"""

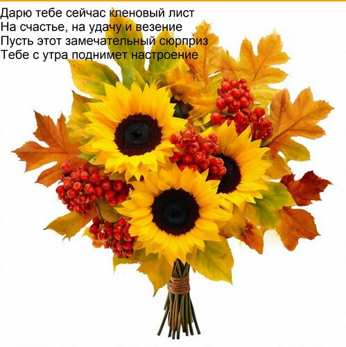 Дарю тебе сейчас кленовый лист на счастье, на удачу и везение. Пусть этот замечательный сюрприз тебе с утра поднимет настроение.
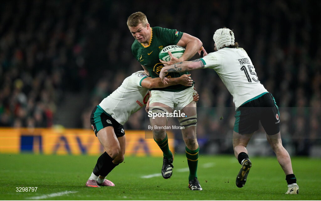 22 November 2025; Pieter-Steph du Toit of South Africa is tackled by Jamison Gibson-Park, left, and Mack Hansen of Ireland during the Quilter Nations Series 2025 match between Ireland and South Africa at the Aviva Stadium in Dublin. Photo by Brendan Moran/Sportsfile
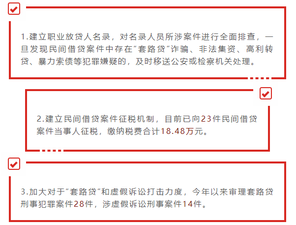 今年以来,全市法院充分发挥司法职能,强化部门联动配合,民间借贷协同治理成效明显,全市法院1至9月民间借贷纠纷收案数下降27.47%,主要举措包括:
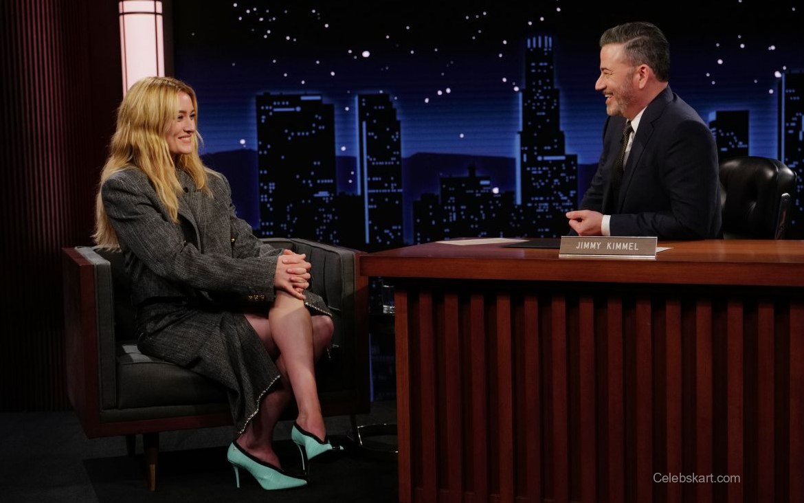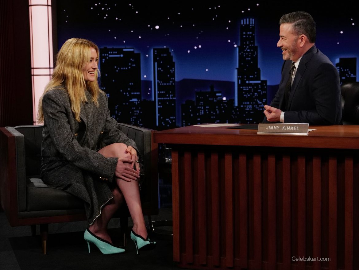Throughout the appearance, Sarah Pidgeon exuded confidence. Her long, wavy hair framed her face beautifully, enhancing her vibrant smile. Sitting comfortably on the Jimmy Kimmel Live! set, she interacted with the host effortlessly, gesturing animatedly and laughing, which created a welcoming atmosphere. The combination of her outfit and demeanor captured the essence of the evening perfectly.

"""

## Work request
The answer must be the data above, repeated exactly, with no pictures.

## Task answer
 Дарю тебе сейчас кленовый лист на счастье, на удачу и везение. Пусть этот замечательный сюрприз тебе с утра поднимет настроение.
 22 November 2025; Pieter-Steph du Toit of South Africa is tackled by Jamison Gibson-Park, left, and Mack Hansen of Ireland during the Quilter Nations Series 2025 match between Ireland and South Africa at the Aviva Stadium in Dublin. Photo by Brendan Moran/Sportsfile
 今年以来,全市法院充分发挥司法职能,强化部门联动配合,民间借贷协同治理成效明显,全市法院1至9月民间借贷纠纷收案数下降27.47%,主要举措包括:
Throughout the appearance, Sarah Pidgeon exuded confidence. Her long, wavy hair framed her face beautifully, enhancing her vibrant smile. Sitting comfortably on the Jimmy Kimmel Live! set, she interacted with the host effortlessly, gesturing animatedly and laughing, which created a welcoming atmosphere. The combination of her outfit and demeanor captured the essence of the evening perfectly.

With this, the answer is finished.